The ideas, however, are not particularly original. The Jews are to blame both for the wars and for losing them, a propaganda paradox put to good use by the Nazis. The idea that the Jews were physically responsible for 9/11 is an area that the media leaves to the fringe, but the suggestion that the Jews provoked Bin Laden’s anger against America shows up in countless columns and op-ed’s. One is a radical conspiracy theory, while the other is a mainstream media talking point, but in terms of consciously stoking hate, what exactly is the difference. Only that the latter is vague enough to be defensible, especially when bolstered by a few selectively chosen quotes from the man himself.
Linking Islamic terrorism to some form of Israeli provocation, and from there to the support for Israel by American Jews
By linking Islamic terrorism to some form of Israeli provocation, and from there to the support for Israel by American Jews—the same media which would commit seppuku rather than blame Muslims for Islamic terrorism, instead blames Jews for Islamic terrorism. The steady drumbeat of such rhetoric, which exonerates Muslims but indicts Jews, for the actions of Muslims, is brilliantly perverse. And it also puts the lie to the media’s defense that it avoids attributing terrorism to Islam because it does not want to stoke bigotry. In reality, the media has no problem with using Islamic terrorism to stoke bigotry. It just has a different target in mind.
Behind the media’s long ugly history of misreporting terrorism against Israel, has been that one fundamental narrative, that it is not Muslims who are responsible for Muslim terrorism, but the Jews.
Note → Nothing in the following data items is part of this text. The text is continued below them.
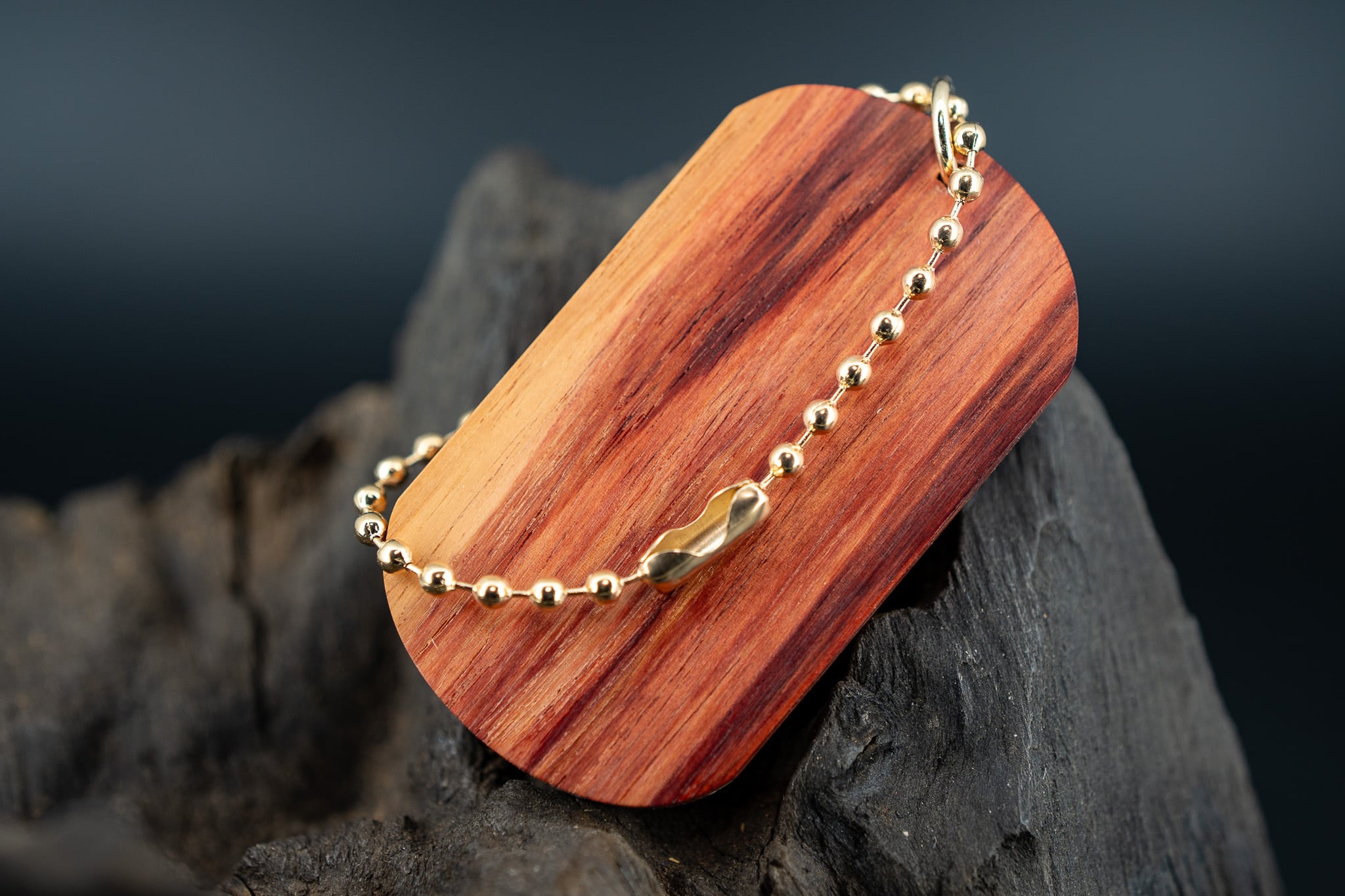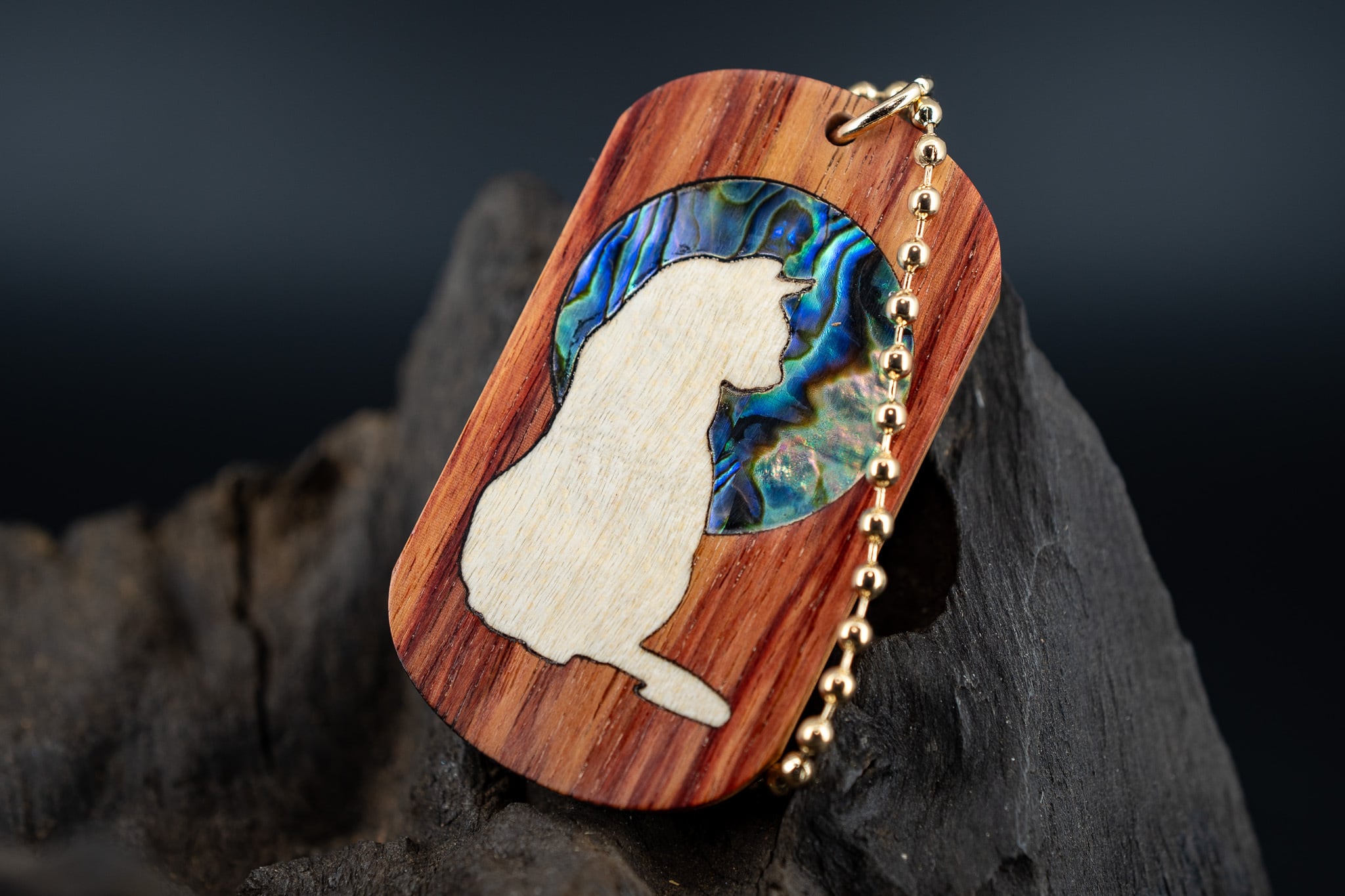 【 木材の女王】 チューリップウッド ドッグタグ 象嵌 横を向く上品な猫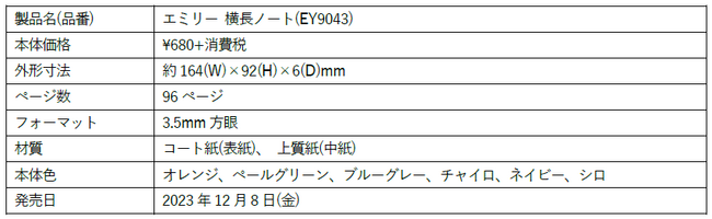 株式会社キングジム(本社:東京都千代田区 代表取締役社長:宮本 彰)は、ライフスタイルグッズ『EMILy(エミリー)』シリーズ( https://www.kingjim.co.jp/sp/EY/ )の新ラインアップとして「横長ノート」「ふせん」「ワークポーチ」を2023年12月8日(金)より発売します。初年度販売目標数量は新製品合計で61,000個です。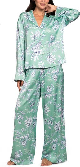 Drift off to dreamland or lounge comfortably in this luxe satin pajama set including a boxy button-up top and wide-leg pants popped with garden-fresh flowers.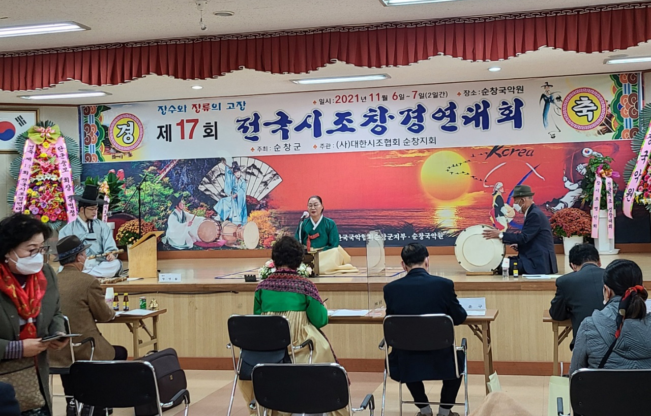 - 순창군이 제17회 전국 시조창 경연대회를 6일부터 7일까지 이틀간 순창국악원에서 개최했다. 순창군이 주최하고 사단법인 대한시조협회 순창지회가 주관한 이번 대회는 코로나19로 인해 무관중으로 개최됐다. 이번대회에서 영예의 대상부 장원은 김혜경씨, 최우수상은 조공순씨, 우수상은 이우창씨가 차지했다. -2021년 11월 08일-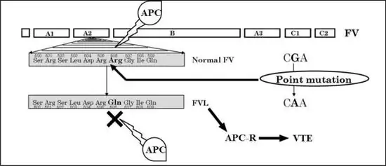 APC (with protein S as a cofactor) degrades Factor Va and Factor VIIIa. APC resistance is the inability of protein C to cleave Factor Va and/or Factor VIIIa, which allows for longer duration of thrombin generation and may lead to a hypercoagulable state. This may be hereditary or acquired.[5] The best known and most common hereditary form is Factor V Leiden, which is responsible for more than 95% of cases.[6] Other genetic causes include Factor V Cambridge (VThr306) and the factor V HR2 haplotype (A4070G mutation).[6][7] Acquired forms of APC resistance occur in the presence of elevated Factor VIII concentrations. Antiphospholipid antibodies,[6] pregnancy, and certain forms of estrogen therapy, such as ethinylestradiol-containing birth control pills, have been found to produce acquired APC resistance.[8][9][10][11][12][13][14][15]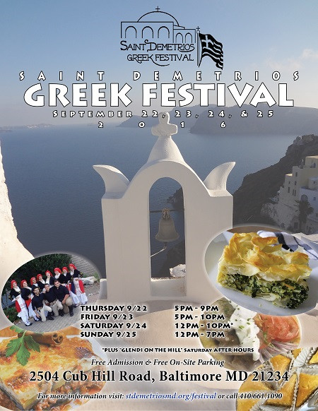 Saint Demetrios Greek Orthodox Church of Baltimore, MD presents their 43rd Annual Greek Festival from September 22 through September 25, 2016. Come join us in a celebration of life, music, delicious food, faith and friendship when the magic of Greece comes to town.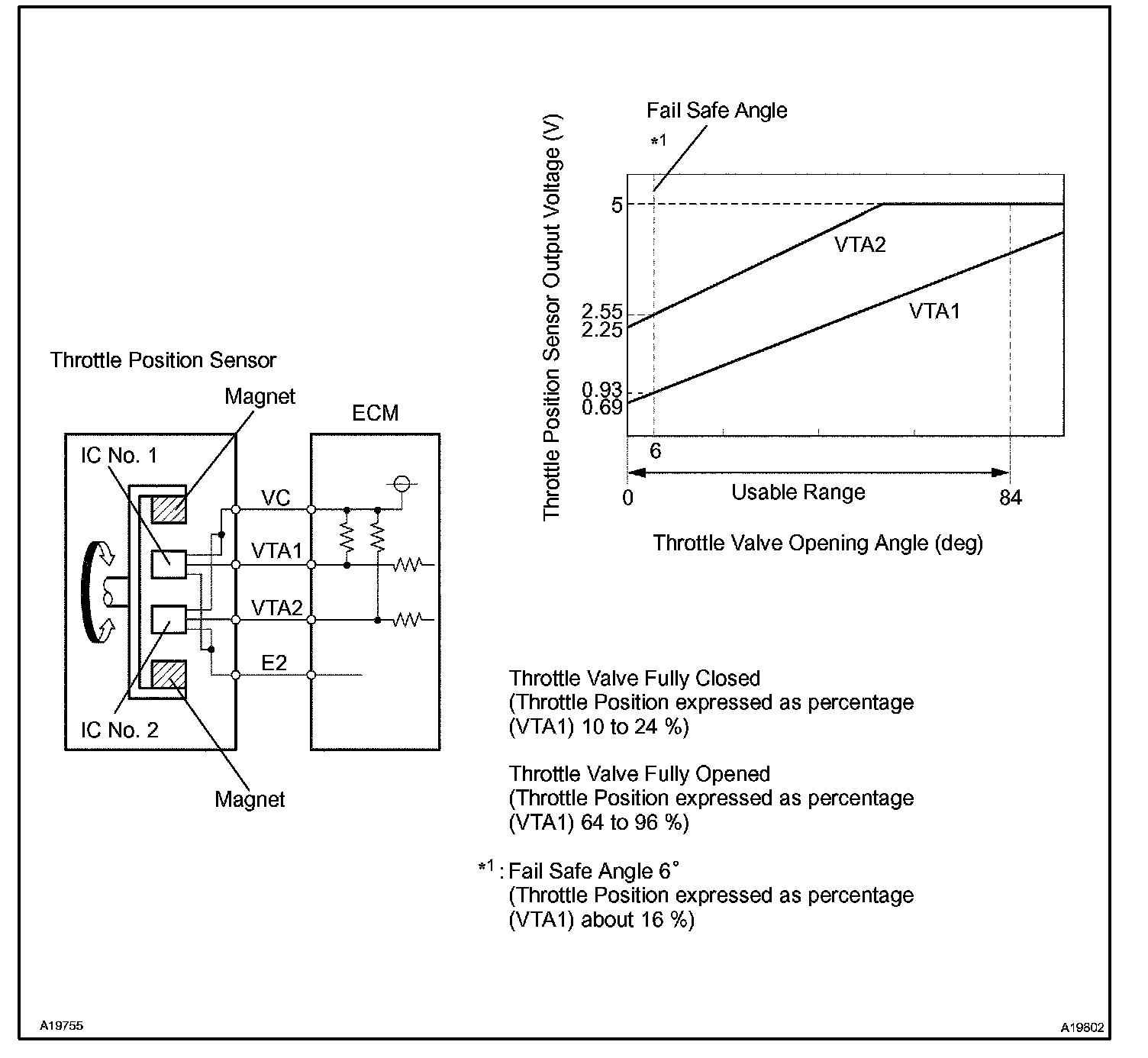 This sensor includes 2 signals: VTA1 and VTA2. VTA1 is used to detect the throttle opening angle and VTA2 is used to detect malfunctions in VTA1. There are several checks that the ECM performs to confirm proper operation of the throttle position sensor and VTA1.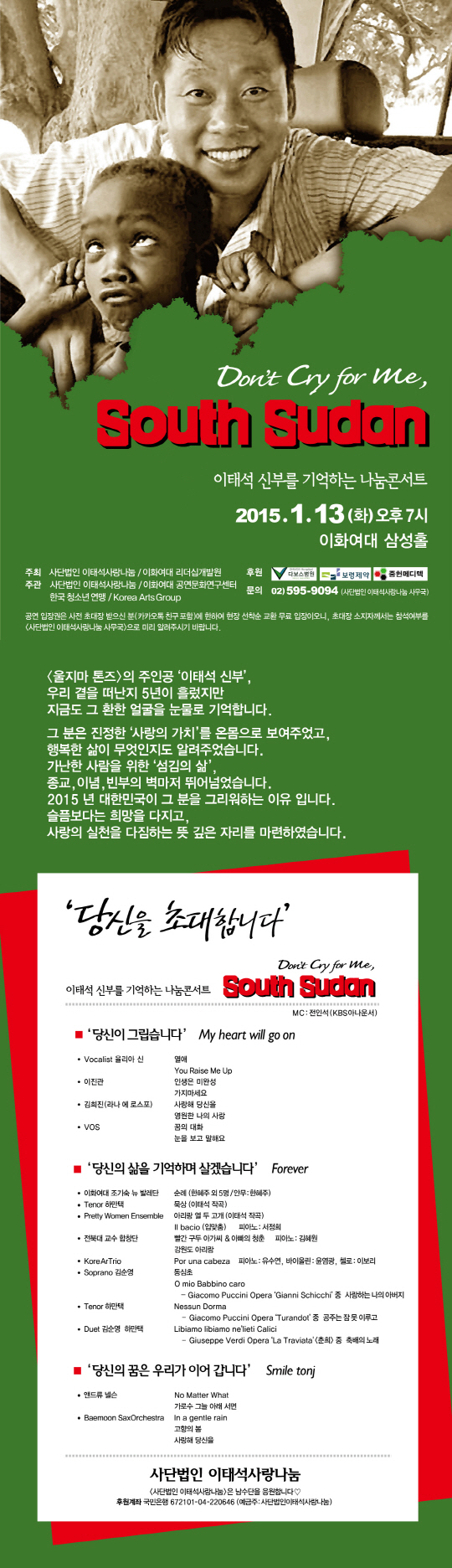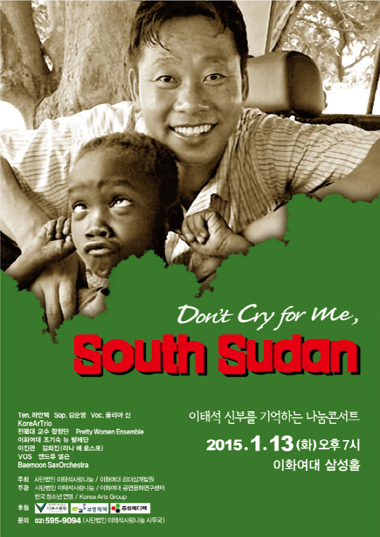 '울지마 톤즈'의 주인공 이태석 신부의 거룩한 삶을 기리는 나눔 콘서트가 열린다. 오는 13일 저녁 7시 서울 이화여대 삼성홀에서 열리는 'Don't cry for me South Sudan' 콘서트.

When a Muslim terrorist attack happens in Tel Aviv, Madrid or New York—it turns out that the Jews are the ones to blame. It really doesn’t matter whether an Israeli soldier kills a Muslim terrorist, or a Muslim terrorist kills a Jewish father of four driving home from work, it is never the Muslim that is at fault. Always the Jew. Forget about even splitting the difference. There is never any difference to split. It is always Israel’s “humiliation” of Arab Muslims that is at fault for provoking their righteously murderous anger. A familiar theme that recalls Hitler’s constant invocation of “German humiliation” at the hands of the Jews.
But all the talk of the Jews “humiliating” other peoples hinges on the topic of the Jews as a “Chosen Master Race”. A superior people. A role that Nazis and Arab Nationalists both reserved for themselves. The theme is taken up in numerous outlets, Jonathan Cook who appears in The Guardian writes: “Israel’s apartheid system is there to maintain Jewish privilege in a Jewish state”. In a Hitlerian formulation, Philip Weiss who appears at the Huffington Post claims that Jeff Greene’s criticism of the Ground Zero Mosque, “how privilege and power have transformed Jewish identity”. Not that Jeff Greene opposes the mosque because he is following the polls as so many other politicians have done, but because he is a Jew. The Guardian charges that Israel is an “an enclave of Israeli Jewish privilege”. That kind of rhetoric should be familiar. It is what Hitler described as “The Antisemitism of reason” which “must lead to the systematic combating and elimination of Jewish privileges”.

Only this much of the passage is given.